Маша читала, а Ринтын смотрел на тучи, которые цеплялись за тонкий золотой шпиль Петропавловской крепости.
— Ты слушаешь меня, Толя? — спросила Маша.
Ринтын кивнул.
— Нет, ты о чем-то своем думаешь, — сказала Маша. — Верно? Скажи.
— Но ведь ты умеешь отгадывать мысли, — отшутился Ринтын, и Маша поняла, что не надо настаивать.

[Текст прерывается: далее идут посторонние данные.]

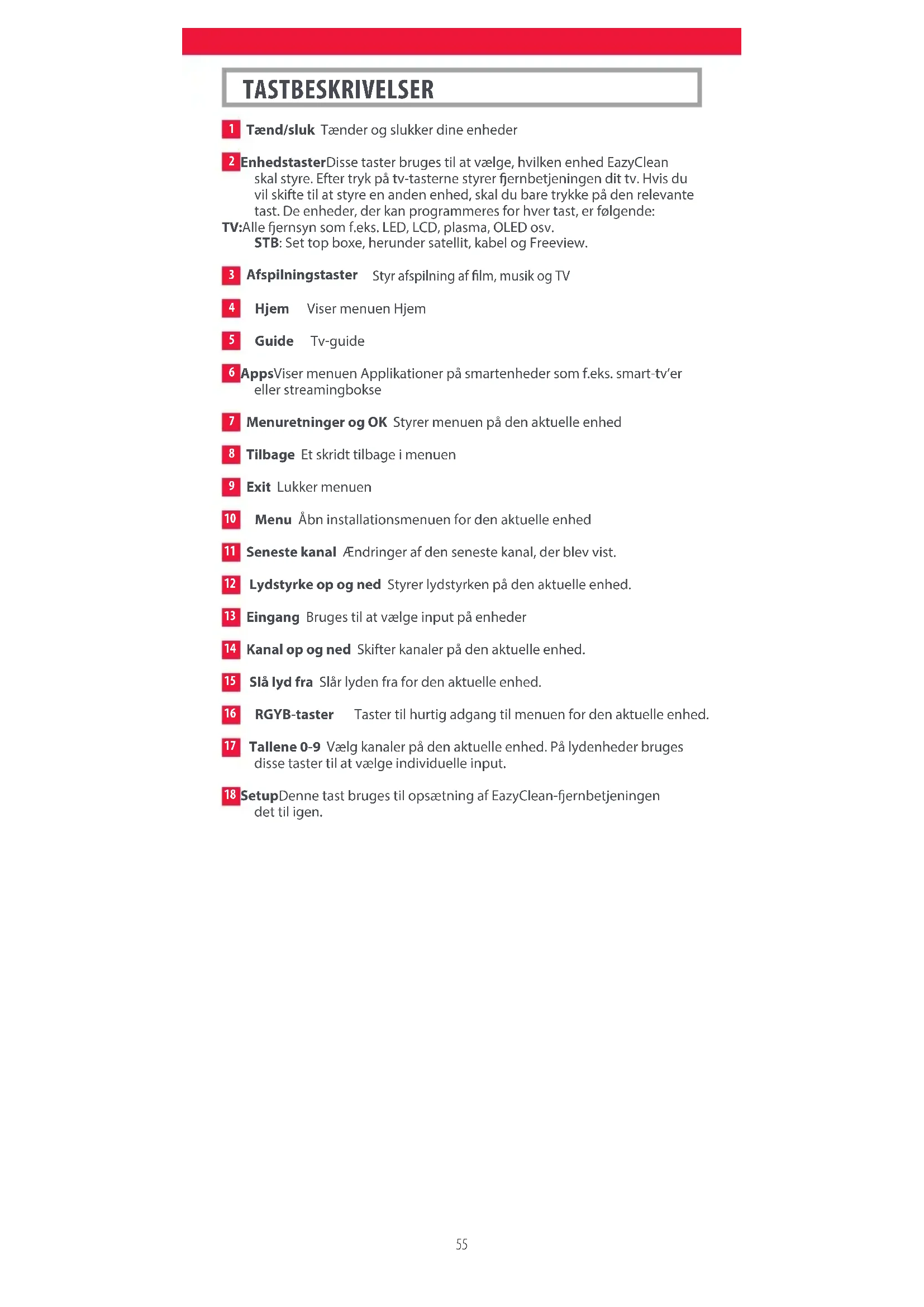Enhedstaster Disse taster bruges til at vælge, hvilken enhed EazyClean skal styre. Efter tryk på tv-tasterne styrer ernbetjeningen dit tv. Hvis du vil skifte til at styre en anden enhed, skal du bare trykke på den relevante tast. De enheder, der kan programmeres for hver tast, er følgende: TV: Alle ernsyn som f.eks. LED, LCD, plasma, OLED osv. STB: Set top boxe, herunder satellit, kabel og Freeview.

Так они ходили от моста до моста, пока не наступил вечер. С Балтики поднялся холодный ветер, погнал редкие сухие листья по мостам, проспектам и набережным.
— Скоро будет снег, — сказал Ринтын и задумчиво добавил: — А у нас сейчас вовсю пурги дуют…
— Мне хотелось бы побывать на твоей родине, — сказала Маша. — Только это очень далеко.
— Да, далеко, — вздохнул Ринтын. — Странно, но в прошлом году мне Чукотка казалась ближе, чем теперь. Время идет, и будто расстояние прибавляется. Как далеко мы будем от своей родины к окончанию университета!..
Ринтын и Маша расстались поздно вечером.
И хотя ничего определенного не было сказано, Ринтыну было легко и радостно. Он быстро поднялся к себе на пятый этаж, открыл дверь в комнату и остановился в удивлении: стоя на коленях перед своей кроватью, Ласло швырял в раскрытый чемодан пожитки и, никого не стесняясь, плакал. В комнате каждый занимался своим делом, но все это было так неестественно и напряженно, что Ринтын почуял неладное.
— Что случилось? — спросил он у Кайона.
— Им не разрешили пожениться, — шепнул Кайон.
— Кому?
— Соображать надо, — сердито ответил Кайон. — Ласло и Наташа. Разные подданные.
Ринтын не понял:
— Ну и что же?
— Да что ты? И вправду не понимаешь? В разных государствах они живут.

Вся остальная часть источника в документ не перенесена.